Just like my unofficial mentor said to me, all those years ago, “What else?”

What else do you want to say to the world?

What are the life experiences that have shaped your identity, and that have taught you the greatest lessons? Do you ever talk about those experiences publicly? If not, why not?

What are the stories you’d like to tell online, and perhaps in books, on the airwaves, and onstage? What’s hindering you from telling them?

Most importantly:

How do you want to be remembered when you’re gone?

Would you like to be remembered as someone who “made a lot of really great lists and posted them on the Internet very frequently”? Or as someone who told honest, personal, courageous stories that gripped people’s hearts and touched people’s lives?

I know. It’s a lot to consider. Keep percolating about all of this as you’re meandering through the streets of NYC, or London, or Boise, or wherever you may be today.

Everyone is different. Every writer has her own goals and ambitions. If you enjoy “making lists” and that’s all you ever want to do, that’s totally groovy and you should do whatever makes you happy.

But if there’s a little voice inside of you that’s whispering, “There’s ‘more’ I want to say…” or “I wish I was brave enough to tell THAT story…” then I encourage you to listen to that voice, because it’s popping into your mind for a reason.

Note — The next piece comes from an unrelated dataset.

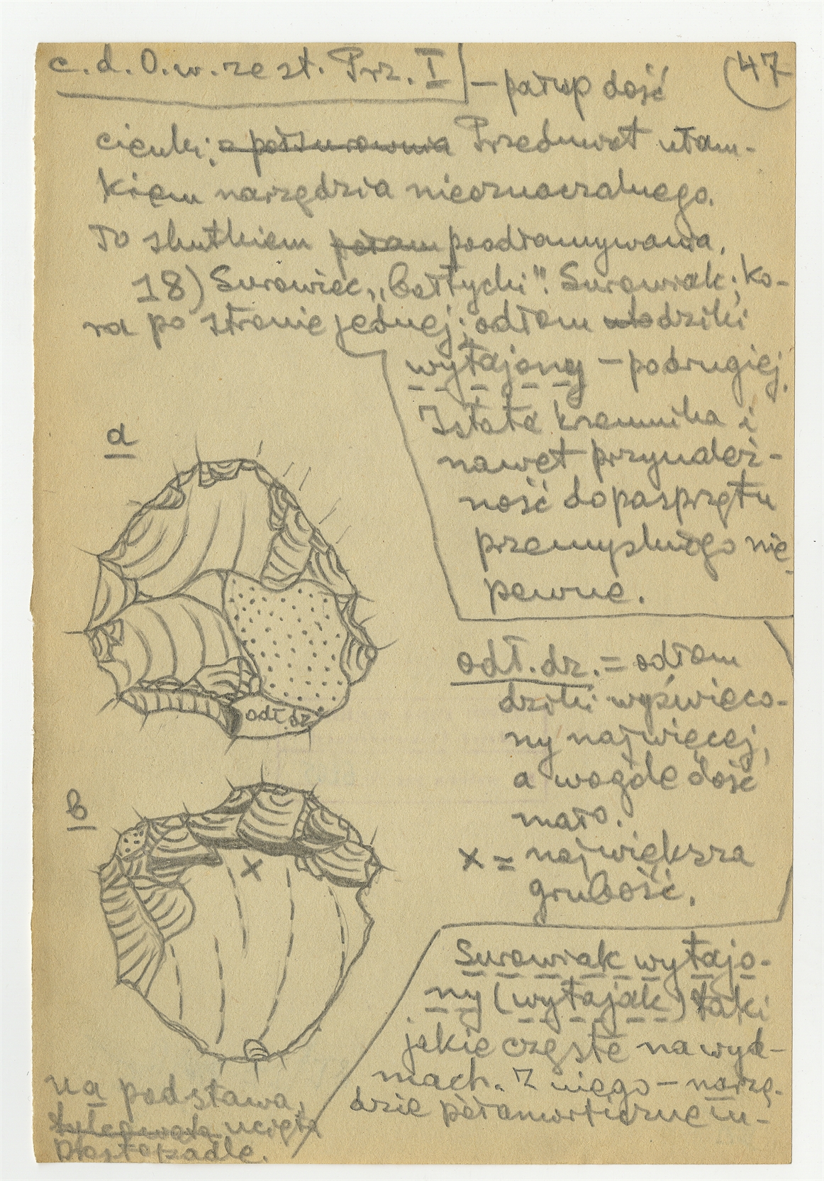 Rękopis pracy pt. "Materjał 1-y do Pasprzęt przemyski" - strona 53: "17. Szczątkowy nieoznaczalny ścieniec (…)" c.d. "18. Surowec 'bałtycki'. Surowiak (…)"

What else? What else? What else? Keep asking yourself that question.

Instead of rummaging through the Internet looking for things to re-post onto your blog, maybe, just for this week, just as a little experiment, rummage through the chapters of your own life. Rummage through the story of how you got your first job. The story of how you met the love of your life. Or that time that a close friend betrayed you and broke your heart. Or the story of how you finally learned to speak up. Rummage through the archives of YOU. That’s where you’ll find your best material. That’s your goldmine.